Supposing that XC does equal R in each arm of the bridge, and that the potentiometer resistance is sufficiently high to limit current through it to a negligible level (in other words, Rpot >> R). Calculate the phase shift of Vout with respect to the excitation source voltage when:
- The potentiometer wiper is fully left:
- The potentiometer wiper is fully right:
- The potentiometer wiper is perfectly centered:
Reveal answer- The potentiometer wiper is fully left: Θ = −45o
- The potentiometer wiper is fully right: Θ = 45o
- The potentiometer wiper is perfectly centered: Θ = 0o
Follow-up question: this circuit works best with the excitation frequency is such that XC = R. Write a formula that solves for the necessary frequency (f) to achieve this condition given a certain value of R.
Notes:This is a very interesting circuit to built and test.
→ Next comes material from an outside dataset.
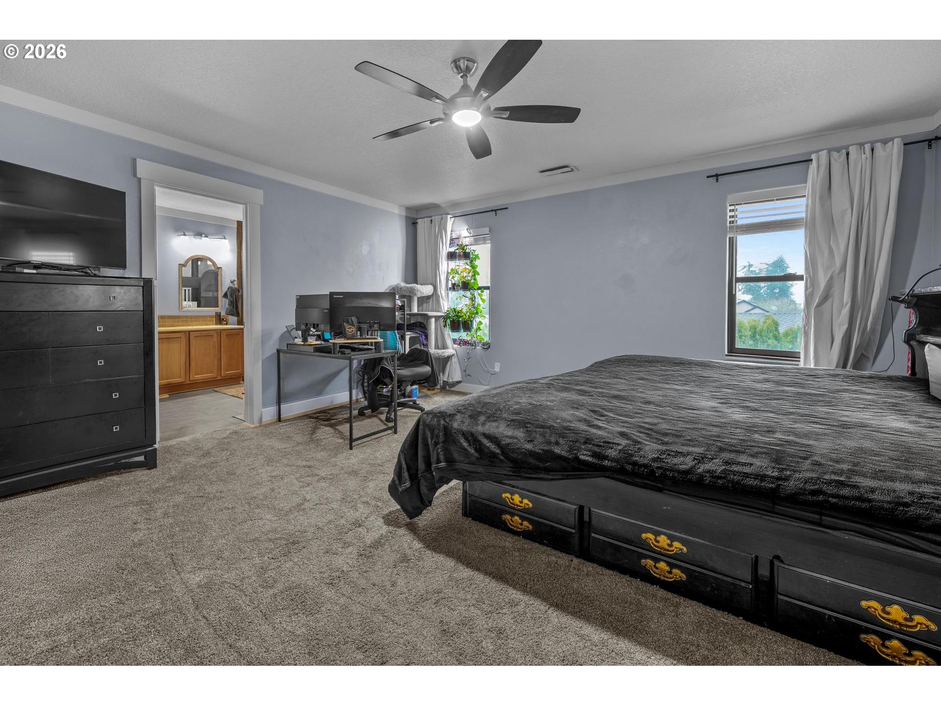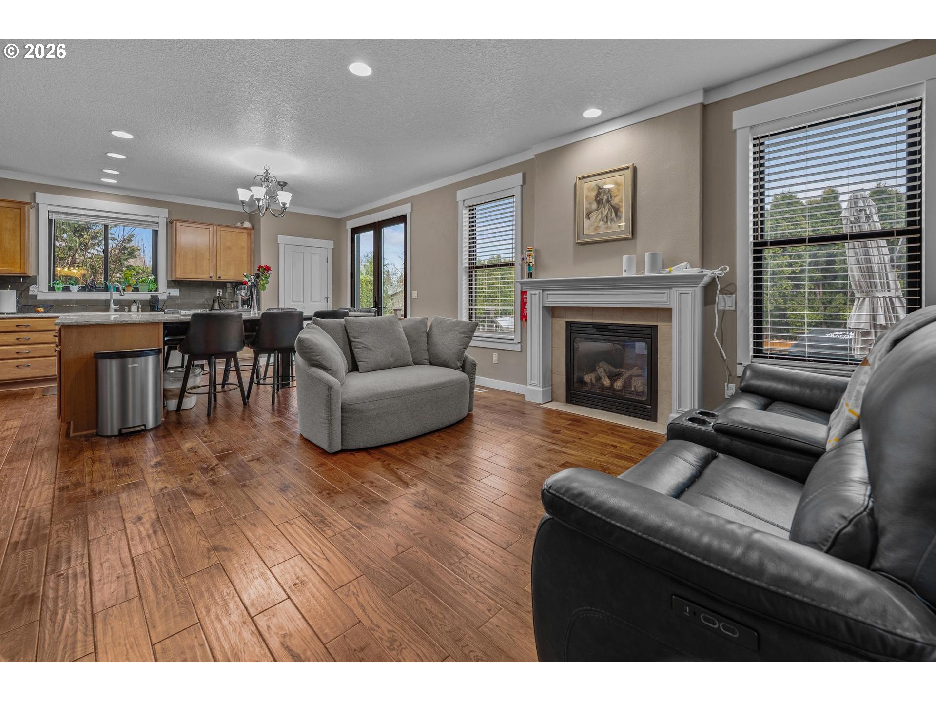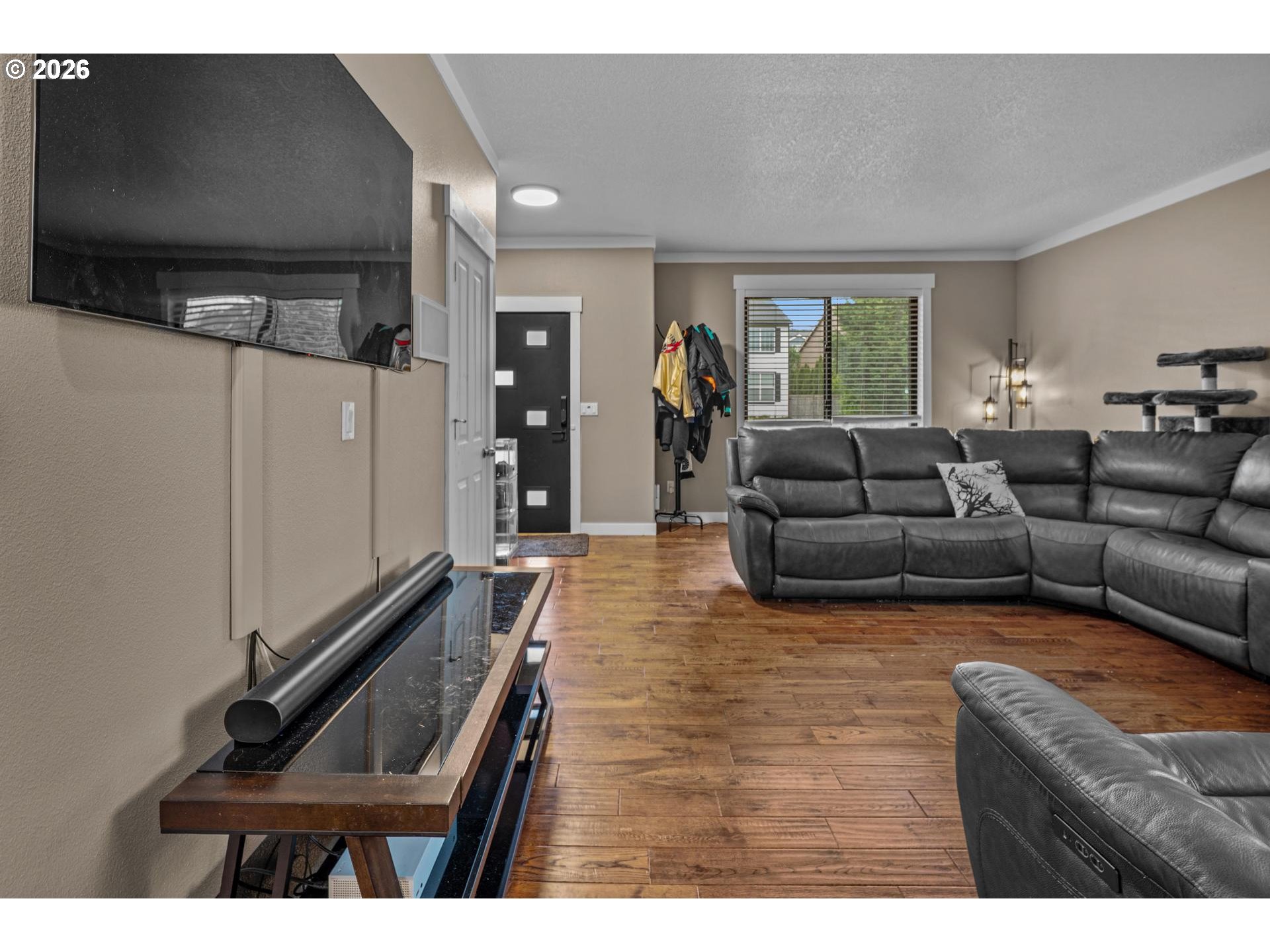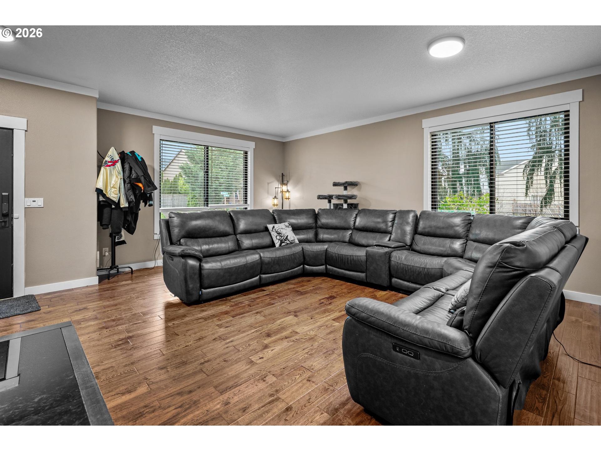 - Corner Lot! Fresh Carpeting! And more! Current owners were planning to stay here for the long haul, but life has its own plans, so now feature upon feature upon upgrade await you. This is a spacious house, with 4 bedrooms, 3 full baths, an Office/Den (currently used as a 5th bedroom), and a Bonus Room fully wired for 5.1 surround sound. This room includes a 12 FOOT in-wall projector screen, optimally placed ceiling mount, and motorized blackout curtains- all designed to make for the perfect movie night or gaming session. (Owner is willing to negotiate leaving the existing Sony 4K projector, Denon receiver, Klipsch speaker system, and theater seating so you can take advantage day one). The 15x15 Primary suite leads directly to the primary bathroom and a large walk-in closet. Plenty of shelving, hanging space, and drawers to the left, and to the right a beautifully renovated walk-in shower. The open main floor, upgraded kitchen with new Samsung appliances, plus beautiful French Doors leading to a full-length back deck with Master Spa hot tub all make entertaining easy. Peace of mind is instantly yours in this move-in ready house. Standout upgrades that replace the initial construction from 2008 include- New 40 year roof installed in May 2024 and New Andersen Windows and Exterior Doors installed December 2024. Ion Solar Panels in fall of 2022 and Lennox Furnace/heatpump/AC in January 2023 keep the PGE bills low. Water heater serviced and new Aux Tank in 2025. Cordless Graber window coverings installed in 2022. All with warranties that can transfer to the new buyer. Located just 8 minutes away from the Lewis and Clark and Dabney recreation points on the Sandy River, this well-loved home is tucked away from the metro area but is still close enough to I-84 to make getting in for a night on the town or a Blazers game an easy 30 minute drive. Do not miss out on what could be a perfect home for your family.

You may build one using 1 μF capacitors, 2.7 kΩ resistors, and a 100 kΩ potentiometer that will successfully operate on 60 Hz power-line excitation.
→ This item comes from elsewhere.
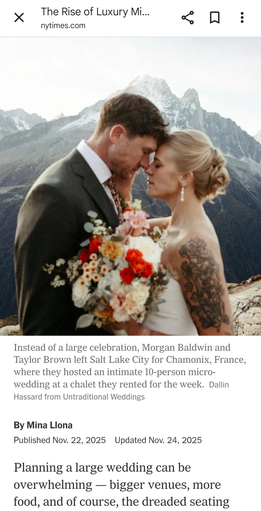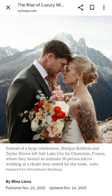 Mina Makes New York Times Debut Posted on November 28, 2025November 28, 2025 By Mina SayWhat Mina made her New York Times debut as a writer on 12/22/25 with an article about luxury micro weddings. Check out the article HERE. View this post on Instagram A post shared by Reporter Mina (@reportermina) Best Of Mina SayWhat
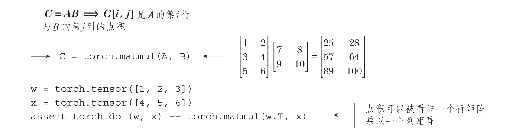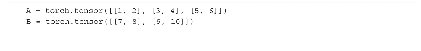 代码清单2.8展示了用于矩阵-矩阵乘法的PyTorch代码。

An interesting thing to note about using line power is that any distortions in the excitation sine-wave will become obvious when the potentiometer wiper is turned toward the differentiating position (where Θ is positive). If listened to with an audio detector, you may even hear the change in timbre while moving the wiper from one extreme to the other. If excited by a “clean” sine-wave, however, no change in timbre should be heard because there are no harmonics present.